Abstract:This work aims to address the multi-view perspective RGB generation from text prompts given Bird-Eye-View(BEV) semantics. Unlike prior methods that neglect layout consistency, lack the ability to handle detailed text prompts, or are incapable of generalizing to unseen view points, MVPbev simultaneously generates cross-view consistent images of different perspective views with a two-stage design, allowing object-level control and novel view generation at test-time. Specifically, MVPbev firstly projects given BEV semantics to perspective view with camera parameters, empowering the model to generalize to unseen view points. Then we introduce a multi-view attention module where special initialization and de-noising processes are introduced to explicitly enforce local consistency among overlapping views w.r.t. cross-view homography. Last but not least, MVPbev further allows test-time instance-level controllability by refining a pre-trained text-to-image diffusion model. Our extensive experiments on NuScenes demonstrate that our method is capable of generating high-resolution photorealistic images from text descriptions with thousands of training samples, surpassing the state-of-the-art methods under various evaluation metrics. We further demonstrate the advances of our method in terms of generalizability and controllability with the help of novel evaluation metrics and comprehensive human analysis. Our code, data, and model can be found in \url{<a class="link-external link-https" href="https://github.com/kkaiwwana/MVPbev" rel="external noopener nofollow">this https URL</a>}.
What problem does this paper attempt to address?
The problem that this paper attempts to solve is to generate multi - view perspective RGB images from Bird - Eye - View (BEV) semantics, and have controllability and generalization ability at test time. Specifically, there are three main problems in existing methods:
1. **Insufficient controllability at test time**: Existing frameworks rely highly on training samples, resulting in an inability to well control camera pose or provide additional object instance control at test time.
2. **Poor cross - view consistency**: Existing methods fail to well enforce cross - view consistency, resulting in inconsistent visual effects in the overlapping Field of View (FOV).
3. **Lack of detailed human analysis**: There is no thorough human analysis on the image generation task, resulting in difficult - to - interpret comparison results.
To overcome these problems, the paper proposes a two - stage method MVPbev, aiming to generate controllable multi - view perspective RGB images from given BEV semantics and text prompts, and improve controllability and generalization ability at test time by explicitly enforcing cross - view consistency.
### Specific methods
#### 1. Semantically consistent view projection
The first stage projects BEV semantics onto multiple perspective views to generate a series of perspective semantic maps $\{S_m\}_{m = 1}^M$. This stage utilizes geometric transformation to ensure semantic consistency between BEV and perspective views and reduce cumulative errors in the generation step.
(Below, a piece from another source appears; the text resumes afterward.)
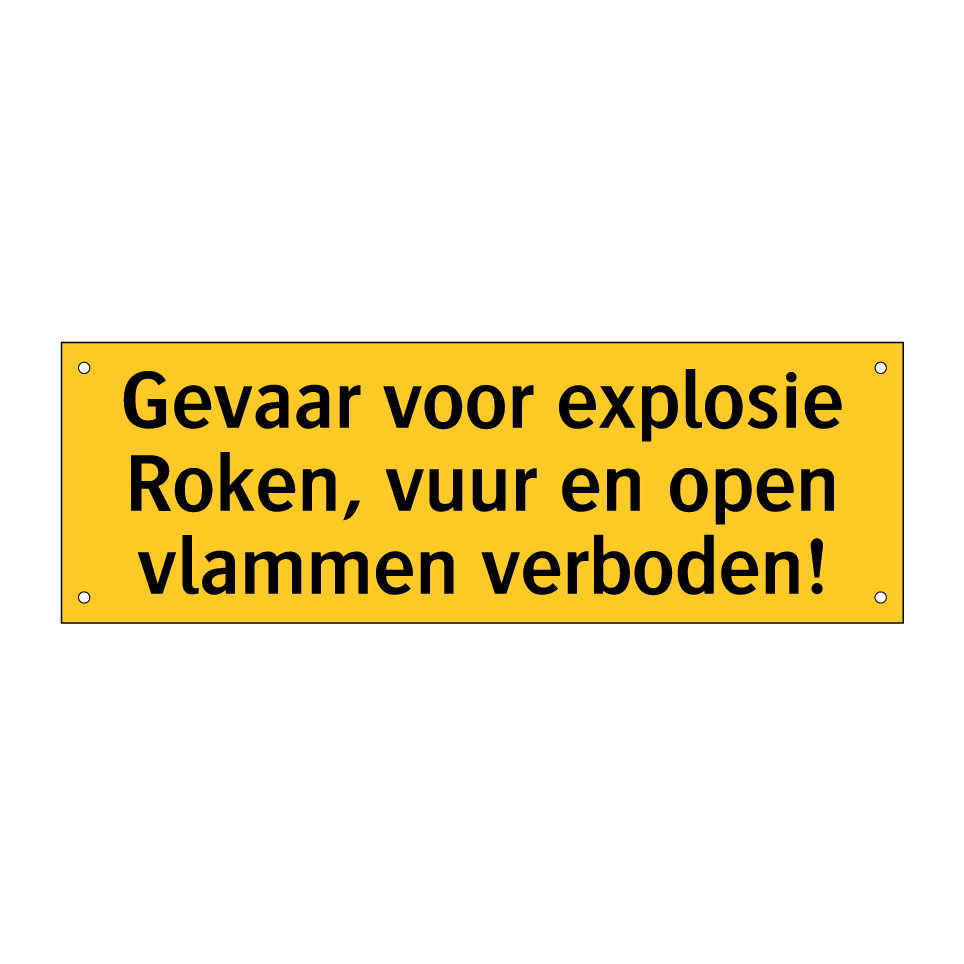 Waarschuwingsbord met de tekst Gevaar voor explosie Roken, vuur en open vlammen verboden!

#### 2. View - consistent image generation
The second stage parses perspective semantic maps and text prompts to generate multi - view RGB images. To ensure cross - view consistency, a Multi - View Attention Module is introduced. It estimates the homography matrix of the overlapping area and implicitly enforces the style consistency of different views. In addition, it also explicitly enforces the visual cue consistency in the overlapping FOV through special initialization and denoising design.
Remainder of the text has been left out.